Болезнь и работа неумолимо подтачивали его когда-то могучее здоровье. Даже в течение этих нескольких лет, что они знакомы, Энгельс заметно сдал. Он, правда, не показывал виду, однако голос его слабел, становился глуше, в нем появилась хрипота, угасал слух — без аппарата он уже почти не слышал. Но оставалась молодой и цепкой его память, сохранялась работоспособность. Он не переставал трудиться над третьим томом «Капитала», оставленного Марксом в черновиках, разбирал многочисленный его архив, откликался на события дня.

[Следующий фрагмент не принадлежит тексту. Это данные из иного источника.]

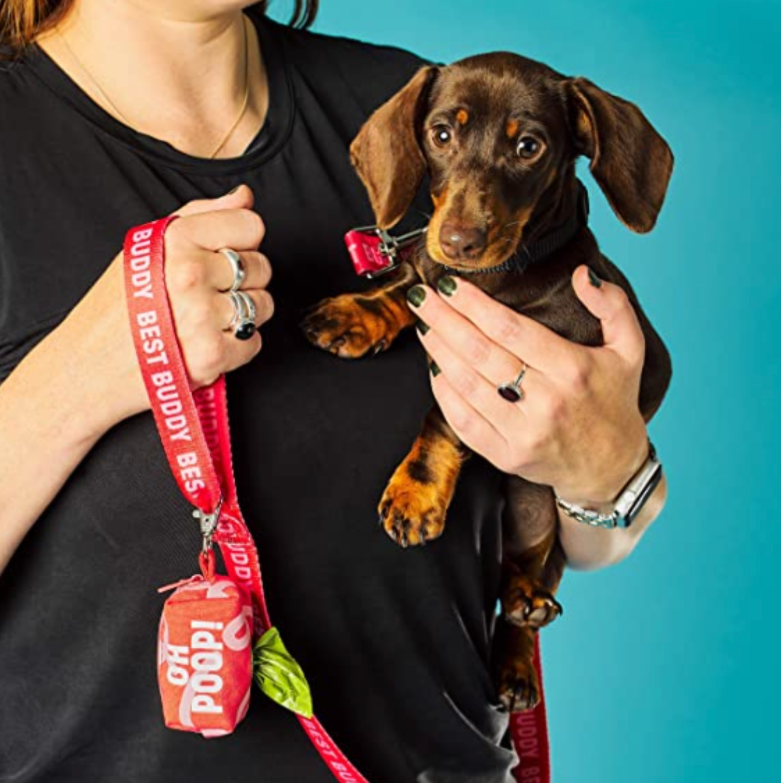 Funny holder for dog bag bags! A nice case that can easily be hung in e.g. the leash. Bags included.
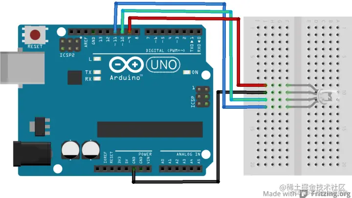 将共阳RGB模块的阳极接至Arduino Uno控制板上的5V引脚上,R、G、B引脚分别接至具有PWM功能的数字引脚9、10、11上,如下图所示:
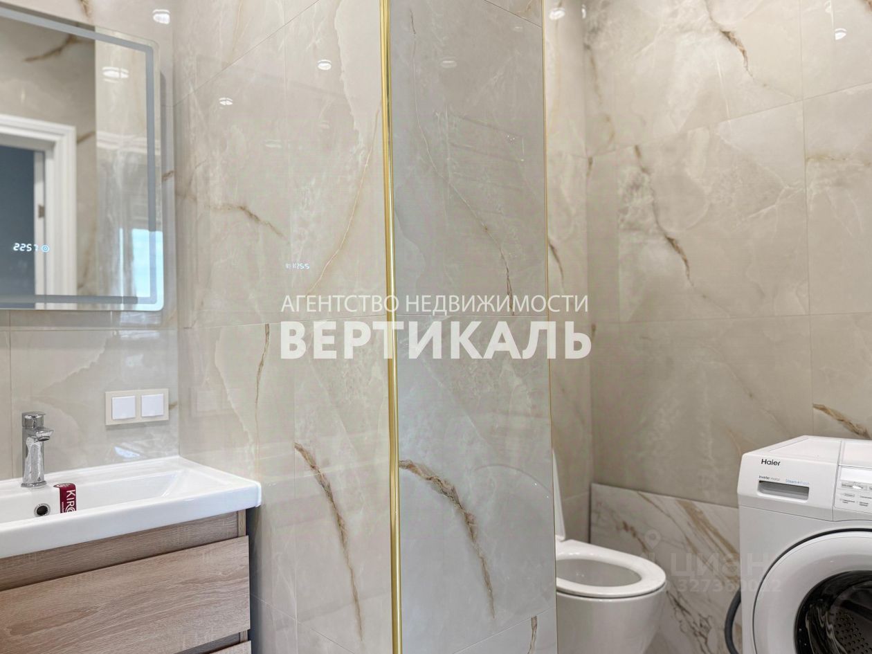 Современный санузел с качественной сантехникой и ванной/душевой кабиной.
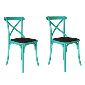 Kit 2 Cadeiras Katrina Assento Corano Preto Aço Azul Turquesa
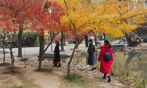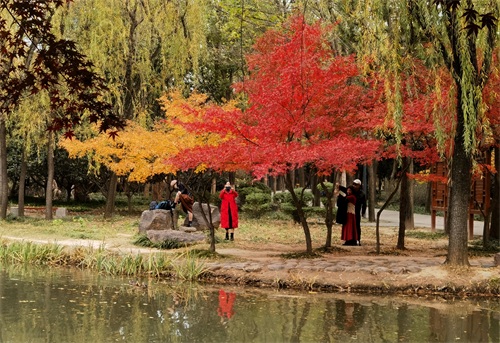 这几天,隋唐的红叶一片火红,我独自漫步在红色的霞光里。红叶被微风的吹动下,像跳动的火焰,片片秋叶想恣意地占据枝头。

В последнее время много разговоров о «кровавом воскресенье». Энгельс расценивает его как очередную трагедию. Когда в его присутствии об этом заходила речь, он заметно нервничал и, хотя откровенно не осуждал организаторов демонстрации, однако и поспешности их не одобрял.
— Парижская коммуна, — продолжал он, — дала пролетариату хороший урок. Надо идти дальше. Дальше — путем объединения сил, вооружения рабочих теорией революционной борьбы.

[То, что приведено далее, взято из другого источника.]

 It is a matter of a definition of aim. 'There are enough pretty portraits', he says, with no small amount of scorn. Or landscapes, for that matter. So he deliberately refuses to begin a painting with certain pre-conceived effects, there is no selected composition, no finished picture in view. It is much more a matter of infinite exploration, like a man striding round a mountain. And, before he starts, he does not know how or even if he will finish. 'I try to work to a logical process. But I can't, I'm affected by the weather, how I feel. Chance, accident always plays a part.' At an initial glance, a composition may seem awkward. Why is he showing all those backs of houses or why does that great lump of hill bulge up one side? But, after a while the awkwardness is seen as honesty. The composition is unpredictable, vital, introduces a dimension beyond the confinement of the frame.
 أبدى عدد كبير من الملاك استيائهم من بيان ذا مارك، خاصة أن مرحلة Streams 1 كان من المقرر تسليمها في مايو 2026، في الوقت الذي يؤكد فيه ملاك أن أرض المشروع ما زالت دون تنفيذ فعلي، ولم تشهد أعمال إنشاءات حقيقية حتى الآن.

— Однако же, дорогой учитель, этот процесс может продолжаться вечно, — высказывал сомнения Эвелинг. — Вечно можно объединяться, учиться... Не будет ли это, по сути, проведением эволюционного метода?
— Не будет, дорогой Эдуард, — спокойно продолжал Энгельс. — Мы обязаны учитывать все стороны исторического развития. Разумеется, единственный выход только революционный. Не стихийный, анархистский, примеров которого в истории так много, а сознательный, когда пролетариат чувствует в себе силу, готовность взять политическую власть, экспроприировать собственников и заложить основы нового общества. Скажите мне, — обращался к присутствующим, — где сейчас такая ситуация? В Германии, революционные силы которой разобщены? Во Франции? Здесь, в Англии? Или, может быть, в России? Нет пока еще такой силы, такой ситуации. Международное рабочее движение разъедается оппортунизмом разных мастей.... Будущий конгресс станет началом решительного наступления пролетариата, расчисткой пути для успешного хода революции.

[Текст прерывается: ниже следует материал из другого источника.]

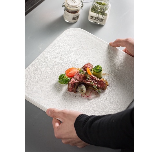 Đĩa Sứ Nhà hàng Cao cấp , Đĩa sứ Vuông phẳng sarang 2 màu trắng đen
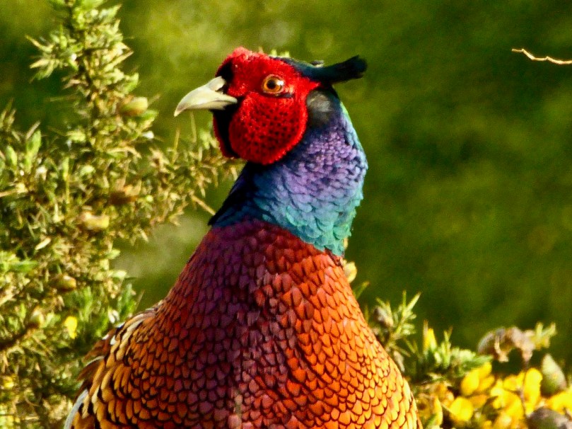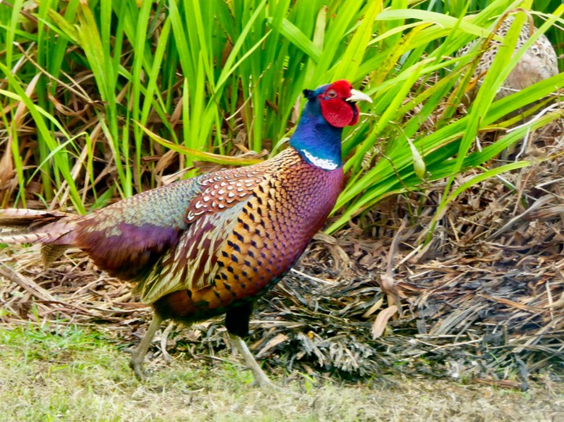 Finbarr is very beautiful. First of all, he’s a big bird, about the size of a small chicken, with sturdy legs and long tail feathers. But it’s his colouring that sets him apart. Overall, he’s a reddish brown colour, but his breast gleams copper and gold in the sun. He has a white neck ring and above it the real drama starts – his neck and the top of his head is an iridescent blue-green, but shades into purple around his cheeks. And then there are the wattles – brilliant scarlet flaps that cover each cheek and hang down either side of his face. Little blue-green crests stick up above the eyes like tiny horns.

— Но общеизвестно, — заметил Степняк, — что без противоречивостей никогда не обходится, дорогой Фридрих Карлович.
— Верно, но это будут противоречия меньшинства, — пояснил Энгельс. — Каждый сознательный рабочий будет понимать, с кем ему по дороге. А какую картину мы имеем сейчас? Громче крикнули посибилисты — значительная часть склонилась на сторону посибилистов, завтра вылезут на трибуны фабианцы — пойдут за ними... Это процесс длительный, сложный, не прекратится он даже после победы революции. Но, кажется мне, кому и понимать его, как не вам, который прошел и народничество, и терроризм, и бакунизм... Или, может быть, слава Бакунина до сих пор не дает вам покоя? — Энгельс подошел к Степняку вплотную, подставил ухо. — Молчите? Обиделись?
— Нет, не обиделся, — твердо проговорил Степняк. — Но и у Бакунина есть чему поучиться.
— Чему же именно?
— Хотя бы воле к победе, преданности своим идеалам. Это немаловажно.
— Согласен, что это немаловажно, — сказал Энгельс. — Но уж если искать пример, то найти его можно и без Бакунина.
Элеонора и Фанни Марковна, помогавшие в другой комнате Ленхен, вошли. Тусси сразу же почувствовала напряженность.
— Что произошло, Эдуард? — обратилась к мужу.
— По-моему, ничего, — взглянул тот на Степняка.
— Это я, Тусси, — отозвался Энгельс. — Я затронул Бакунина... А Сергею Михайловичу, кажется, это не понравилось. Извините.
Письмо Эдуарда Пиза было исполнено похвал относительно «Русского крестьянства». Он писал, что считает книгу прекрасной, не может от нее оторваться и что его, Степняка, английский язык значительно улучшился. Это было приятно, поддержка друга придавала больше уверенности. И еще Пиз сообщал о своей скорой поездке в Соединенные Штаты.
— Всем туда можно, — неизвестно кого упрекал Сергей Михайлович, — только я не выберусь.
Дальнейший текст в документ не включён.